**WORK REQUEST**
From the entries below, print exactly the span beginning with the line holding "經濟 港元定存一年期年息3.5厘 發佈於" and ending with the line holding "Радиоприемник портативный Hyundai", endpoints included, and skip any pictures.

-- SUPPLIED RECORDS follows --

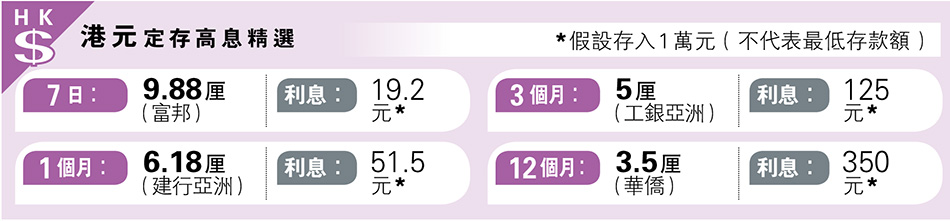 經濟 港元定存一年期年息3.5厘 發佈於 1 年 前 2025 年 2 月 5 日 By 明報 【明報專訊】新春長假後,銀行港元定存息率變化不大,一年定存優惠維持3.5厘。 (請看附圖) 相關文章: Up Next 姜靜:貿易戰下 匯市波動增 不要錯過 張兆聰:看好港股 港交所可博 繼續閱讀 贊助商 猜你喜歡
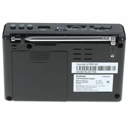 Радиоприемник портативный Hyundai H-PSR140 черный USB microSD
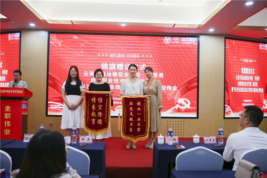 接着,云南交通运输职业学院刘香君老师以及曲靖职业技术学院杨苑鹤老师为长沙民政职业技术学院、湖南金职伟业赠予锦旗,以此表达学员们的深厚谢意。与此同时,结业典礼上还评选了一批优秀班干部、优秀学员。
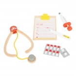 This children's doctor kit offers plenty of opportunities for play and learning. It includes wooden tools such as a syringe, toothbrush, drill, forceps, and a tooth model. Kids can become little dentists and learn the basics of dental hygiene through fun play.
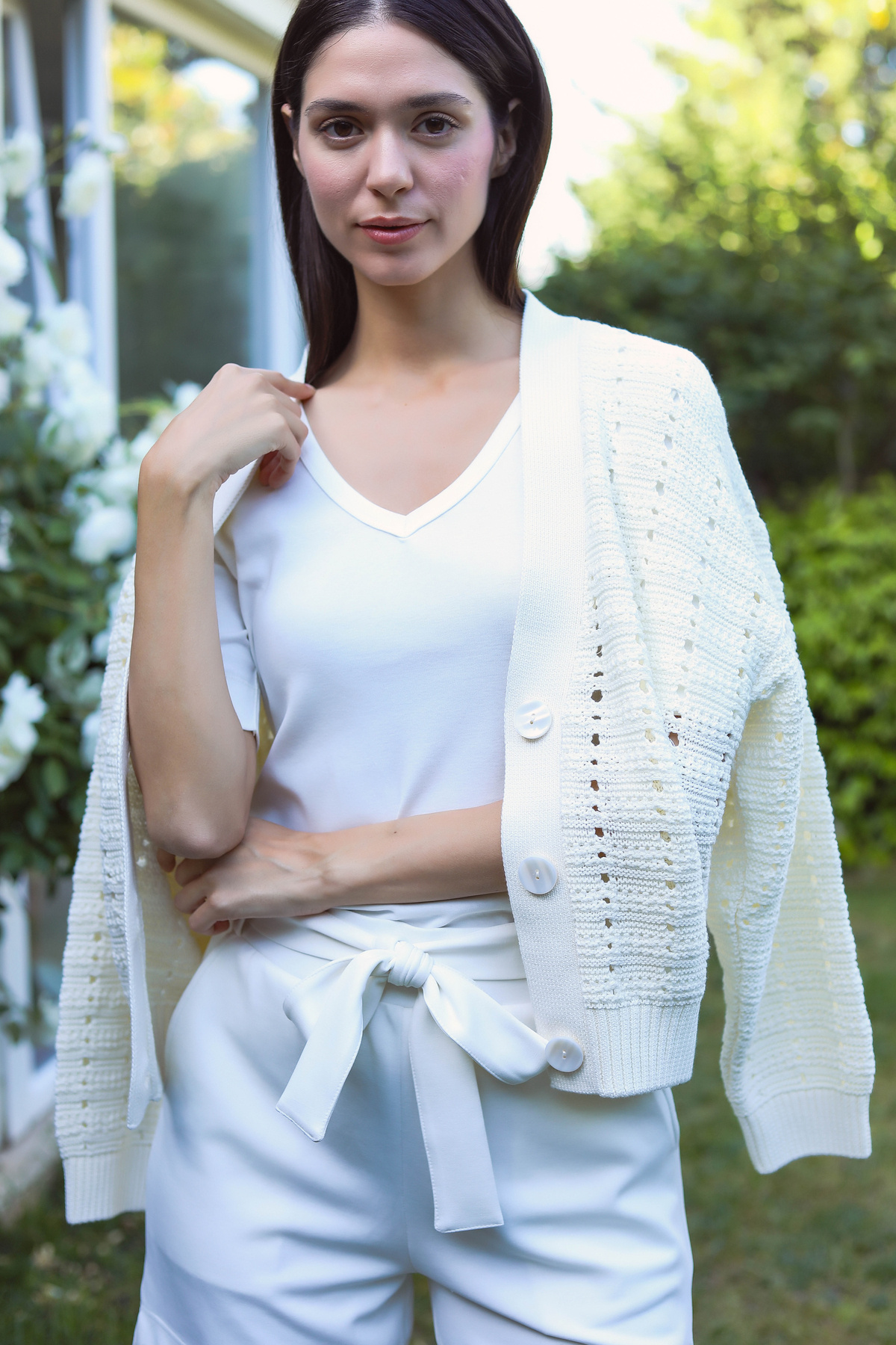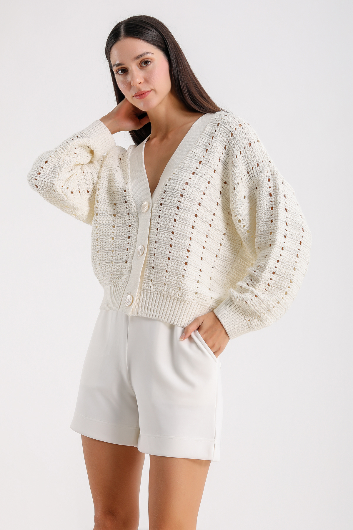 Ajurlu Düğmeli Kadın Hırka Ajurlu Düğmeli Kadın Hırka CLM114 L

-- SUPPLIED RECORDS concluded --
-- SUPPLIED RECORDS follows --

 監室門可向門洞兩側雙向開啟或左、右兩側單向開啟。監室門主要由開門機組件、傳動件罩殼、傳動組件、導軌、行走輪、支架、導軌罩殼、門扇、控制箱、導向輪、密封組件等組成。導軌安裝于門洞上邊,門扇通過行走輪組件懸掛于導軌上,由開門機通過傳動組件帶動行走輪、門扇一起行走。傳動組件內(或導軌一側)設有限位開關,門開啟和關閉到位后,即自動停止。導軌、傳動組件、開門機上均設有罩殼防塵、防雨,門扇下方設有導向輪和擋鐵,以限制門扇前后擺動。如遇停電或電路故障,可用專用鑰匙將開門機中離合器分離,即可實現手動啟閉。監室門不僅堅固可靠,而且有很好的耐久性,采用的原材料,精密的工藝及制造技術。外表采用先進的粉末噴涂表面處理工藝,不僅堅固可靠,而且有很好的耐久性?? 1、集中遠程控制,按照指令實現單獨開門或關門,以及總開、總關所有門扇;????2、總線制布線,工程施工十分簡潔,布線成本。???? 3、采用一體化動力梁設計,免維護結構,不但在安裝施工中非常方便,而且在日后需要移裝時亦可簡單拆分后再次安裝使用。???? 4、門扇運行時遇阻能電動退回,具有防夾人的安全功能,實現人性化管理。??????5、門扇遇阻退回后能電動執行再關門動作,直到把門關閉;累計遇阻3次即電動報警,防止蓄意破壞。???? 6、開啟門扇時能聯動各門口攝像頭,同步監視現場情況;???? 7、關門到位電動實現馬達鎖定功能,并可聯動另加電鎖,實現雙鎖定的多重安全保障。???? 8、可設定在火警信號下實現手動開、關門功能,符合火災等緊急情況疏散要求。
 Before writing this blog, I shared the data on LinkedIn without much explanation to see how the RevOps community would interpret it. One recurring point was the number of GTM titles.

-- SUPPLIED RECORDS concluded --
-- SUPPLIED RECORDS follows --

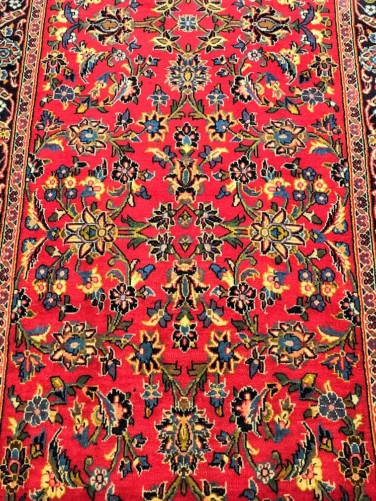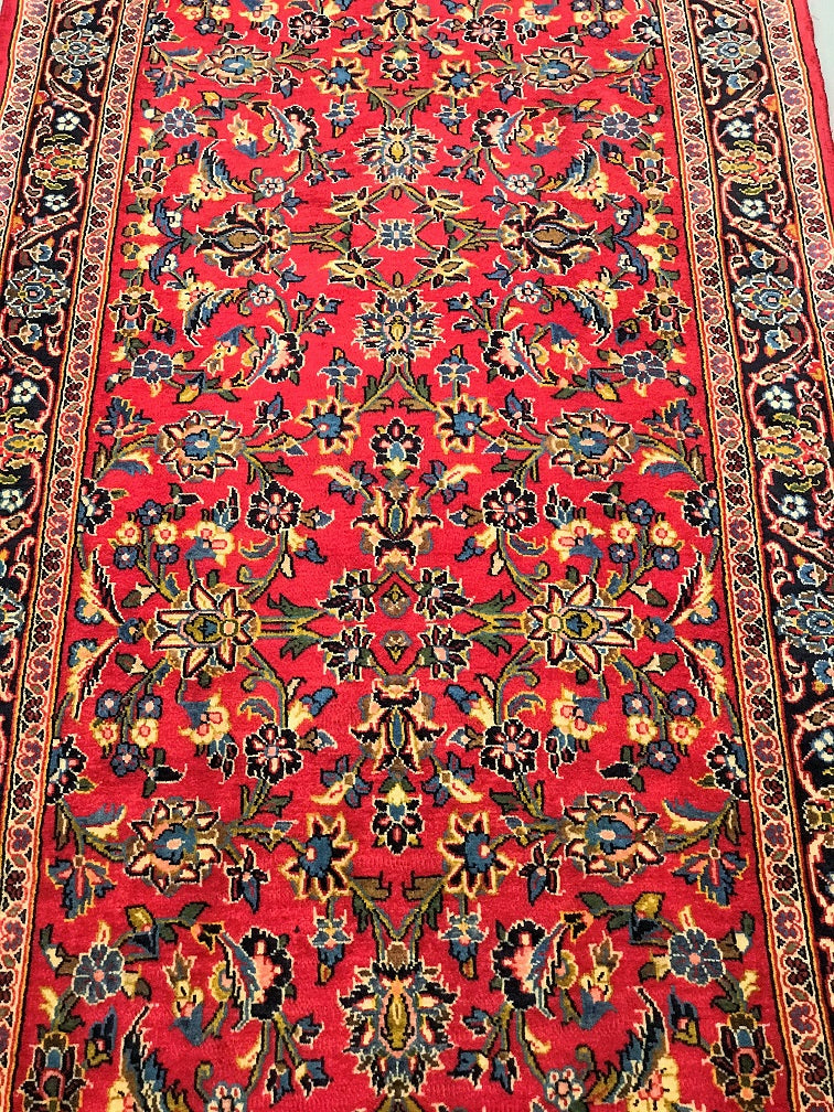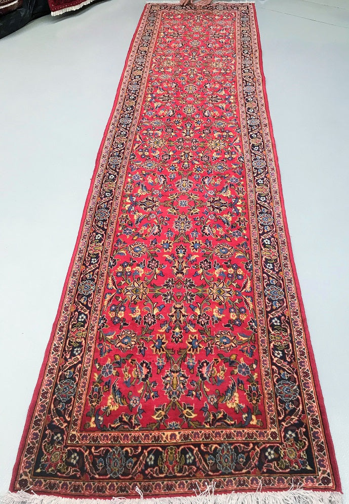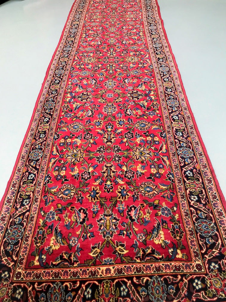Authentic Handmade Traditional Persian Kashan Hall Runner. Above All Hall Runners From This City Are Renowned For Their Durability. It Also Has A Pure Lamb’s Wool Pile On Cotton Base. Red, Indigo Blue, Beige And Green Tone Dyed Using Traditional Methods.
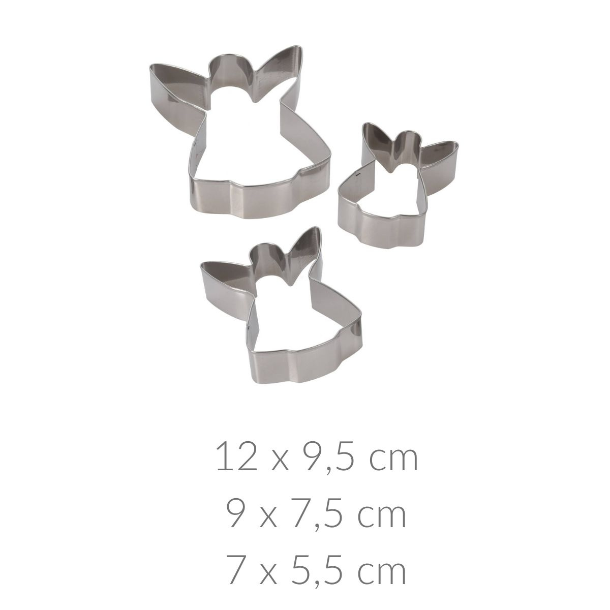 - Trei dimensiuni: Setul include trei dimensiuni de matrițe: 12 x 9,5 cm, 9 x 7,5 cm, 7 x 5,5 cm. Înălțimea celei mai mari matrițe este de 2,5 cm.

-- SUPPLIED RECORDS concluded --

**YOUR RESPONSE**
 經濟 港元定存一年期年息3.5厘 發佈於 1 年 前 2025 年 2 月 5 日 By 明報 【明報專訊】新春長假後,銀行港元定存息率變化不大,一年定存優惠維持3.5厘。 (請看附圖) 相關文章: Up Next 姜靜:貿易戰下 匯市波動增 不要錯過 張兆聰:看好港股 港交所可博 繼續閱讀 贊助商 猜你喜歡
 Радиоприемник портативный Hyundai H-PSR140 черный USB microSD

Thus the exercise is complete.